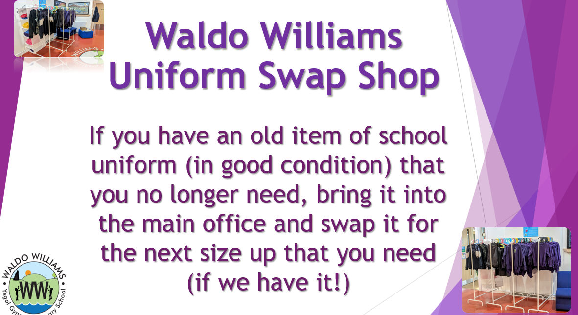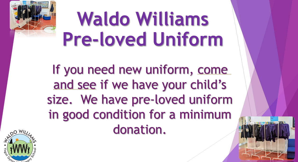 The wearing of school uniform, although optional for primary pupils, is strongly encouraged at Waldo Williams Primary School, to increase the children’s sense of belonging and identity. We would ask that you please support the ethos of the school by sending your children in school uniform. Uniform is available to buy, please contact the school for further information.
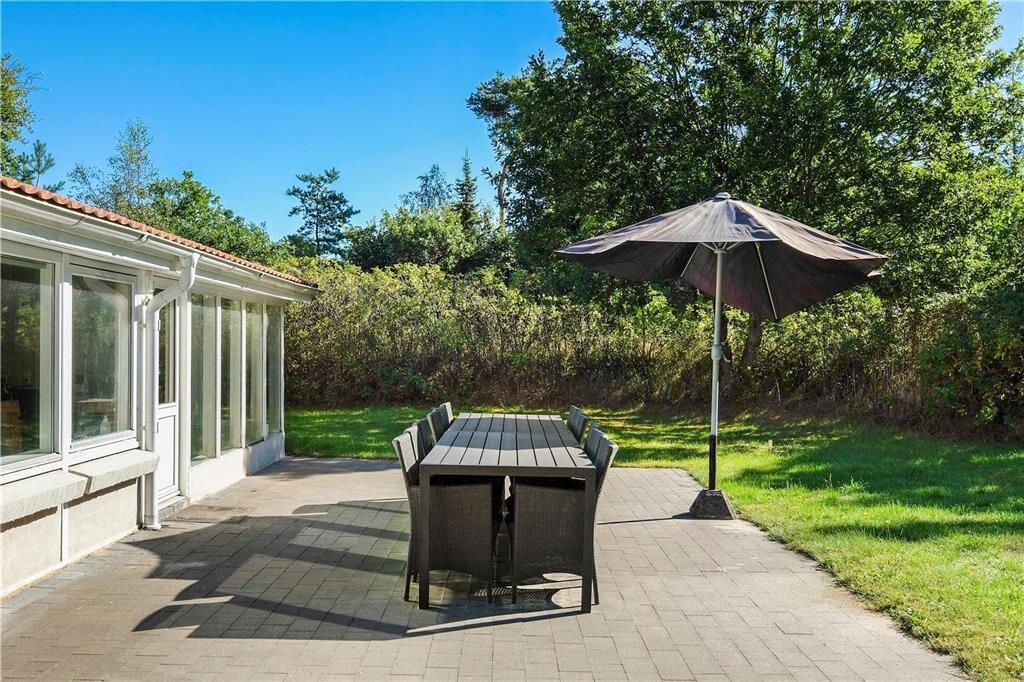 Ferieidyllen får fine betingelser i dette charmerende sommerhus med plads til 8 personer. Huset ligger på en stor afskærmet grund med skønne terrasser, og det tager blot tre minutter at gå ned til den dejlige sandstrand.
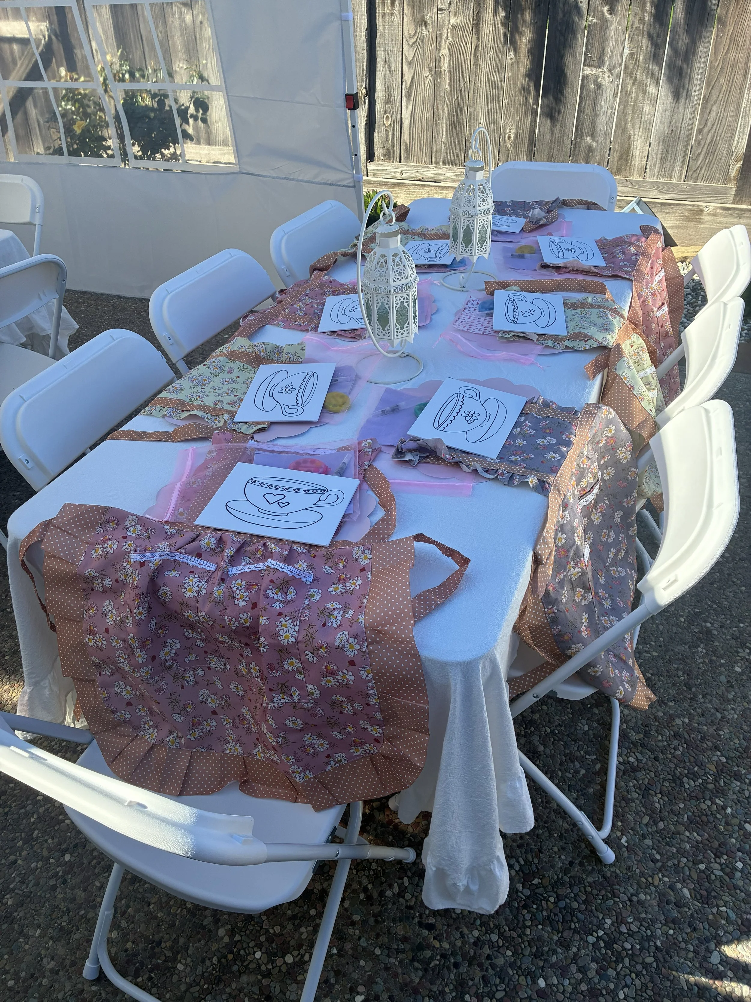 • styled activity table for crafts or paintingYour celebration space will be fully styled and ready for guests, creating a beautiful and memorable setting for your tea party.

Exercise brief:
Exact transcription of the full listing above is required; images do not belong in it.

Solution to this task:
 The wearing of school uniform, although optional for primary pupils, is strongly encouraged at Waldo Williams Primary School, to increase the children’s sense of belonging and identity. We would ask that you please support the ethos of the school by sending your children in school uniform. Uniform is available to buy, please contact the school for further information.
 Ferieidyllen får fine betingelser i dette charmerende sommerhus med plads til 8 personer. Huset ligger på en stor afskærmet grund med skønne terrasser, og det tager blot tre minutter at gå ned til den dejlige sandstrand.
 • styled activity table for crafts or paintingYour celebration space will be fully styled and ready for guests, creating a beautiful and memorable setting for your tea party.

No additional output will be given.